This morning, I came across this grim piece from Chris Mellor at The Register, detailing evidence of the violent restructuring in our familiar storage array market.
Call it confirmation bias, but many of us have seen this coming for a while, and have acted accordingly. The numbers have been mediocre for many quarters, but recently the pace seems to be accelerating.
It wasn't all that long ago that storage companies were almost semi-glamorous in the enterprise IT world: EMC, NetApp, HDS, Pure, Nimble, et. al. Great growth all around, and tons of VC flowing into the sector.
What happened? And should we think of this as a temporary aberration, or a permanent structural shift?
The Lure Of Storage
I decided to join a small storage startup in 1994, moving from Silicon Valley to suburban Massachussets. At the time, EMC was a ~$400 million company with something like 1,600 employees.

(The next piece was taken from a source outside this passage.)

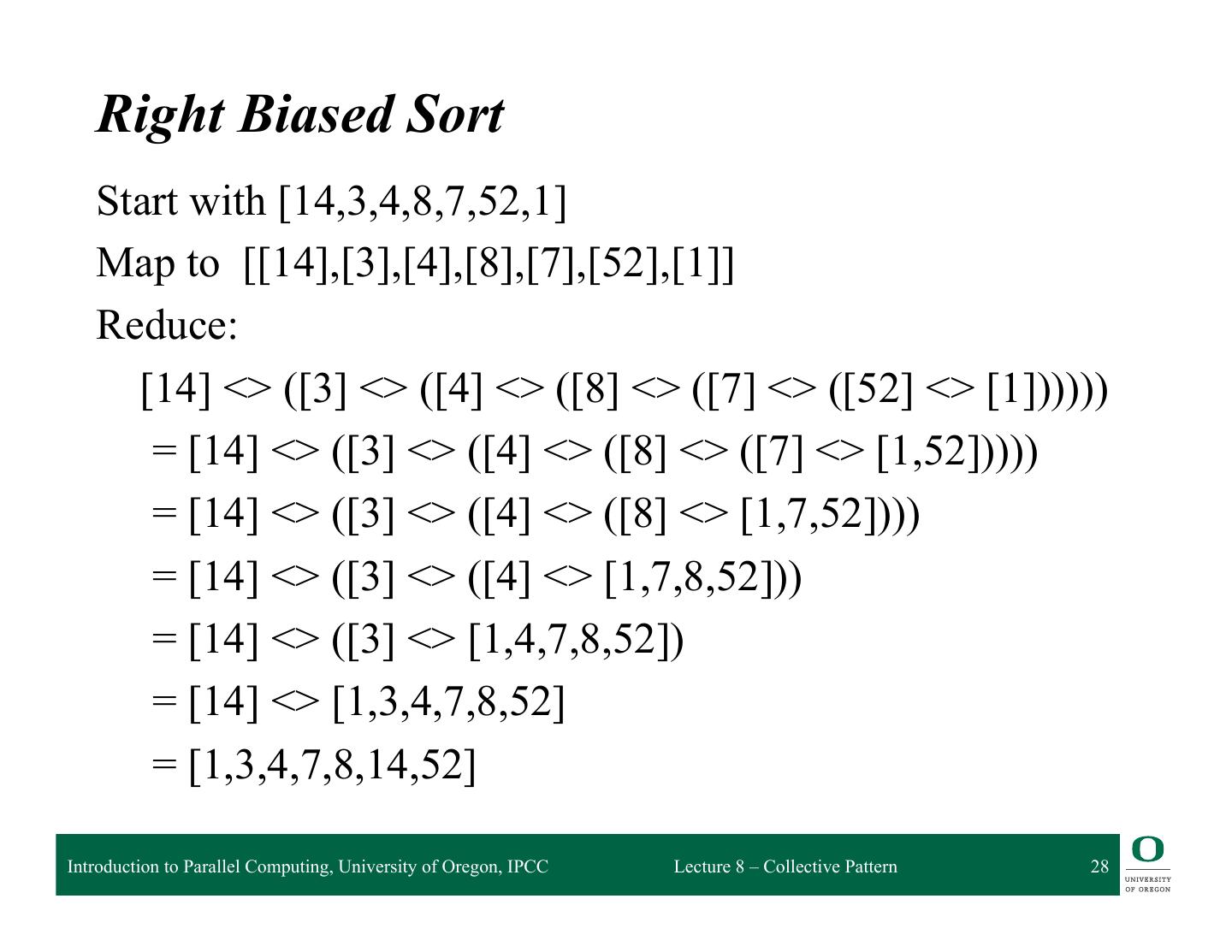 28 . Right Biased Sort Start with [14,3,4,8,7,52,1] Map to [[14],[3],[4],[8],[7],[52],[1]] Reduce: [14] <> ([3] <> ([4] <> ([8] <> ([7] <> ([52] <> [1]))))) = [14] <> ([3] <> ([4] <> ([8] <> ([7] <> [1,52])))) = [14] <> ([3] <> ([4] <> ([8] <> [1,7,52]))) = [14] <> ([3] <> ([4] <> [1,7,8,52])) = [14] <> ([3] <> [1,4,7,8,52]) = [14] <> [1,3,4,7,8,52] = [1,3,4,7,8,14,52] Introduction to Parallel Computing, University of Oregon, IPCC Lecture 8 – Collective Pattern 28

I became sold on the idea that -- in the world of computing, information mattered. Capturing, persisting and re-using data was going to be a big deal, so storage was going to be really important.
And I thought standalone storage vendors would have a better strategic positioning than server vendors in this regard.
So I packed up my young family, and off we went on our adventure. It turned out to be a good decision, but nothing lasts forever.
The Last Twenty Years
Generally speaking, the last twenty years have been good for dedicated storage vendors.
The need to store and protect corporate data has grown rapidly, and there has been no shortage of new technologies that make things better: performance, capacity or functionality.
We had year after year of rosy industry numbers: healthy growth, good margins and wildly optimistic forecasts for countless zettabytes! of future growth.
The growth in information still holds true, it's the consumption model that's changed.
Once again, nothing lasts forever. The familiar model is gone, and it's not coming back.
I think there are three primary reasons we're seeing a structural shift in the storage sector.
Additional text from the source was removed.